Expand dialogue to include issues affecting entire city
There won’t be another neighborhood meeting in the city of Goldsboro until after the first of the year, but that does not mean residents should wait that long if they have something to say to city officials about the future of their neighborhood or their city.
The neighborhood meetings give residents the chance to let officials know where they think the problems are on their block. An equally important task is to let city officials know about some bigger picture issues that might affect more residents, and could impact the future of the community as a whole.

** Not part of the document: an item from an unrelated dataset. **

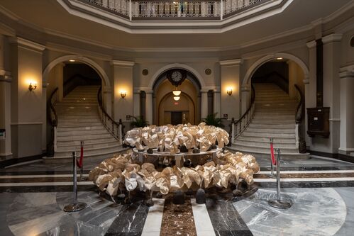 A graduate exchange trip to the Bay Area in California would plant the seed for Akamine’s socially and environmentally conscious projects. She returned to Hawaii, where she conceived the traveling installation Ku’u One Hanau (1999), using her background in construction to build tents out of the Hawaiian flag to address the issue of homelessness among Indigenous Hawaiians. In Kalo (2015), she created paper sculptures resembling taro leaves, made out of historical anti-annexation petitions, reminding the audience of Hawaiian rights to sovereignty. As part of the series “Pololia” (2021), she crafted copper wire and glass beads into floating jellyfish—harbingers of the warming oceans due to climate change.
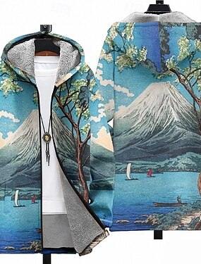 Муж. Пейзаж Зимнее пальто Флисовая жилетка Пальто Сохраняет тепло Удобный На каждый день На каждый день Молния Карман 3D печать Осень Зима Капюшон Длинный рукав Красный Зеленый

City Manager Joe Huffman and Mayor Al King have said they want to hear from residents, so now is the time to talk to either if there is something about your city that has always bothered you but you have never taken the time to communicate it to someone in a position of authority.

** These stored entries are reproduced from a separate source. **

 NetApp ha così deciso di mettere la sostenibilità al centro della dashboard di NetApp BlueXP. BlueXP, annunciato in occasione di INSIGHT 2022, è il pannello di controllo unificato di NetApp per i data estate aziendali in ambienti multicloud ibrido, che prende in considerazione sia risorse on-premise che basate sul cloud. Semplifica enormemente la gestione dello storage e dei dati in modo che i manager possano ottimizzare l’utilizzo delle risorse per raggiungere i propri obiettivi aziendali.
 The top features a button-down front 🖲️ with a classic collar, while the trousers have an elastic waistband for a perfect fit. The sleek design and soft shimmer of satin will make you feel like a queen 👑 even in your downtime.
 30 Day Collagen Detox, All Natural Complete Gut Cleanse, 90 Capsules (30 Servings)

Road conditions, the need for youth recreation opportunities or something as complicated as race relations or economic development are all areas that could be discussed and suggestions made for progress toward a solution.
The future of this community depends not just on the quality of the people who are in City Hall but on the interest of the citizens who live here. An open dialogue and the willingness to talk about issues of all sorts are what will make this community strong.
The neighborhood meetings are a good start. They have opened the door to better communication between city leaders and residents.
Now it is time to take them one step further and talk as a community about the future, the challenges and the path we all want to take to make sure Goldsboro remains a thriving, growing place to raise a family.
This community’s health and welfare is not just the mayor’s job. It is everyone’s responsibility.